Milkman I am sorry to hear of your loss. I have nothing that would be up to your professional standards to lend you. Besides it's all left handed. As most will know, I am all for the castoration of such lowlifes. If you need help in that department, do call.


----------



## Milkman (Feb 2, 2006)

MaxWedge said:


> Milkman I am sorry to hear of your loss. I have nothing that would be up to your professional standards to lend you. Besides it's all left handed. As most will know, I am all for the castoration of such lowlifes. If you need help in that department, do call.


Well thanks Max.

My "professional standards" are probably lower when it comes to guitars than your average basement player, but alas, I _am_ a rightie. Gear is no problem. It ain't the tool, it's the craftsman. Problem is, they took three tools I use on a nightly basis.
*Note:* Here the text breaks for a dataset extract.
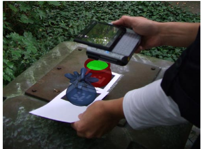
Figure 3. The Alchemists: A player puts an ingredient from the bag into the cauldron by using the basic interaction of the Magic Lens Box.

Especially the scoring process demanded that you could attach a rule to several game objects at the same time, something we had overlooked in the first design process for the Magic Lens Box and quickly implemented. It also proved very useful that instead of having to specify a concrete game object or property inside a condition or action of a rule , you could always instead automatically use the game object or property that invoked the rule .

Anyway, again, my thanks for the kind thoughts. I just want to get out there and play. I think this gig will have some significance in a sense. I will demonstrate that you can take the gear, but you can't take the music.


----------



## Guest (Dec 30, 2007)

Hey Milkman 
I feel your pain. Being broken into has to be one of the most "violating" experiences one can have.
I caught (not physically unfortunately) 2 guys in the process of robbing me a few years back. A 15 minute car chase ensued and they were caught later that night by police........slap on the wrist and off you go. Frigging pathetic.
The 3 S's are now my moto.
Just a thought, think back a bit and see if anything prior comes to mind such as anyone showing unusual interest in you or your gear. Any home deliverys you may have had recently etc.
I am firmly convinced that a pizza delivery guy scoped my place out for these peckerheads.
They say every cloud has a silver lining and it can be a bugger to see but at the very least, you know you have friends and support here. So go out and kick some butt on New Years and have some fun. I'll hoist a cold one for ya .

Kelly


----------



## Archer (Aug 29, 2006)

Milk...that is horrible.


----------



## Milkman (Feb 2, 2006)

Archer said:


> Milk...that is horrible.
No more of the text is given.